Son rôle, depuis son recrutement élyséen en décembre 2012, est un peu d’être le «Bono» du président français. Le chanteur du groupe de rock U2, avocat de la réduction de la dette des pays pauvres, a promené ses lunettes noires partout, du Vatican à la Maison-Blanche. Hulot, promu conseiller spécial avec accès direct au chef de l’Etat, s’est engouffré dans la même brèche atypique, avec les atouts de son parcours et de ses origines. Son grand-père, architecte excentrique, inspire le réalisateur Jacques Tati pour le personnage lumineux-déjanté des «Vacances de Monsieur Hulot». Sa mère, née Mézan de Malartic, a ses entrées dans cette aristocratie française qui reconnaît toujours les siens. Ses années au très chic lycée Saint-Jean de Passy, l’épreuve que fut le suicide de son frère Gonzague en 1974, son idylle de dix ans avec l’influente Dominique Cantien, l’ex-directrice artistique de TF1… tout cela leste le rebelle d’un cuir familial tanné et de solides entrées au Bottin mondain. Un peu comme son alter ego en écologie cathodique, le photographe Yann Arthus-Bertrand, héritier, lui, de joailliers parisiens dont les vitrines jouxtèrent longtemps Les Deux Magots, à Saint-Germain-des-Prés.

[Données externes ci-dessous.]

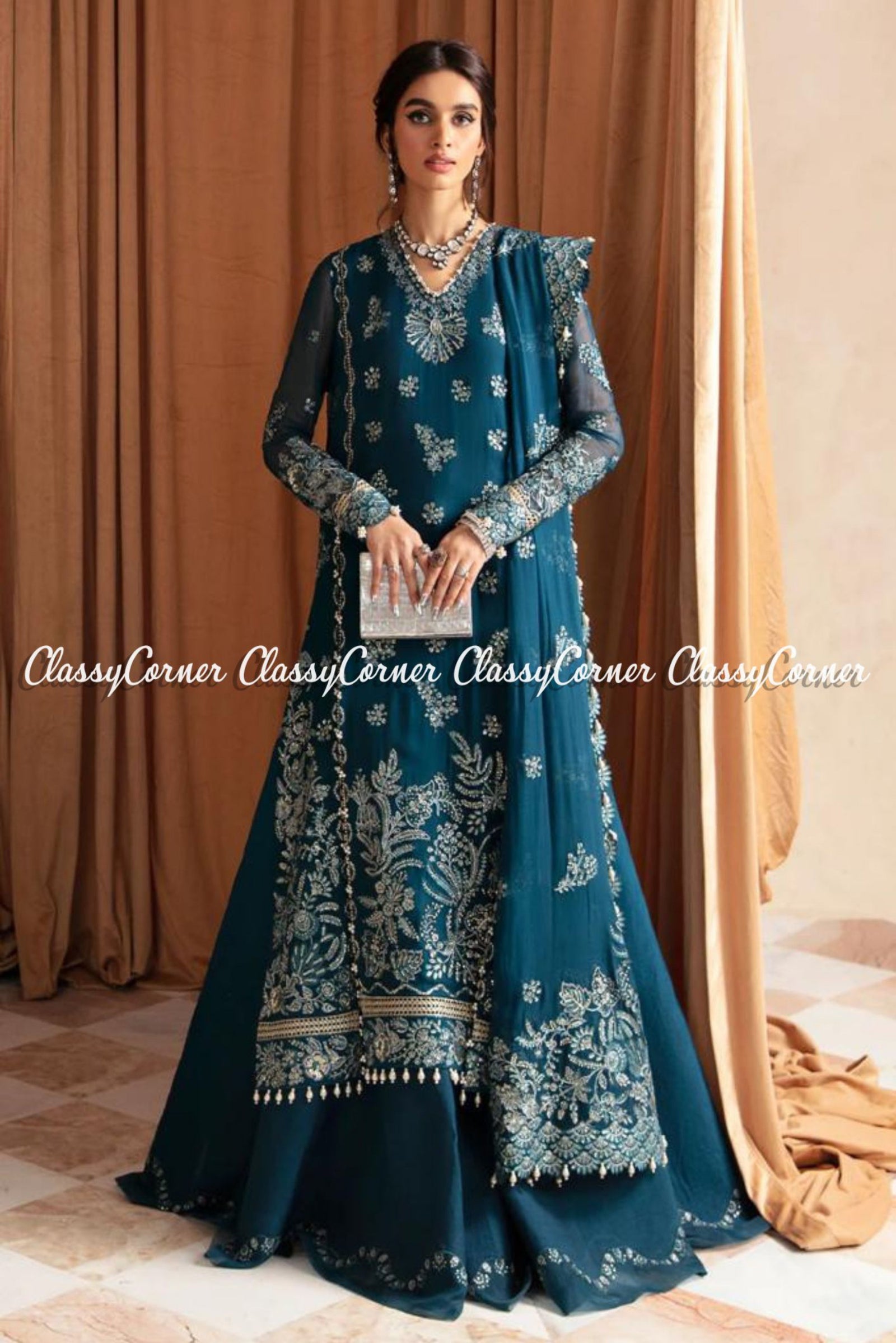 $244.99 AUD $259.99 AUDElegant Teal Blue Golden Chiffon Embroidered Sharara Outfit

François Hollande, ce président réputé «sans affect», mais expert en manœuvres, l’a d’ailleurs bien compris. Côté pile, Nicolas Hulot le valorise car il l’amène à transgresser, chose si peu naturelle pour cet homme d’appareil. «Le président a compris que le climat, c’est plus qu’une cause écologique, c’est une identité politique et mondiale», se félicite son conseiller devenu incontournable après la décision de la France, en décembre 2012, d’accueillir à Paris la COP21. Côté face, l’ex-animateur d’«Ushuaïa», dont le dernier livre publié début novembre s’intitule «Osons» (Ed. Les liens qui libèrent), est une sorte de super-impresario pour un chef de l’Etat si peu charismatique. Aux Philippines, en février 2015, le voyage présidentiel qui lance la campagne pour la COP21 en fut l’illustration. Les deux actrices Marion Cotillard et Mélanie Laurent sont à bord. Les médias locaux n’ont d’yeux que pour elles. «Nicolas s’est comporté en coach, explique-t-on à l’Elysée. Il a géré l’avant-COP21 comme une série télévisée. Un rebondissement à chaque épisode.»

Ce Monsieur Hulot-là a surtout appris. Les caméras zoomaient jadis sur ses inspirations, derrière son masque de plongée ou dans son casque sur un ULM. A l’Elysée, son adjoint-diplomate, Hervé Dejean de la Bâtie, dont une partie de la famille épousa la cause de la décolonisation en Indochine, lui a enseigné comment se faire entendre de la haute administration. Notes. Actions coordonnées avec Marie-Hélène Aubert, la conseillère principale de l’Elysée sur le climat. Prises de position communes avec Jean-Louis Borloo, l’ancien ministre centriste lancé, après avoir quitté la politique, dans un programme ambitieux d’électrification de l’Afrique, et à qui François Hollande a donné aussi un bureau. A 60 ans, l’effronté charmeur télévisuel sait, sur le pont de la COP21, que les icebergs politiques, contrairement à ceux des océans glaciaires, ne se désagrègent pas toujours sous l’effet du réchauffement.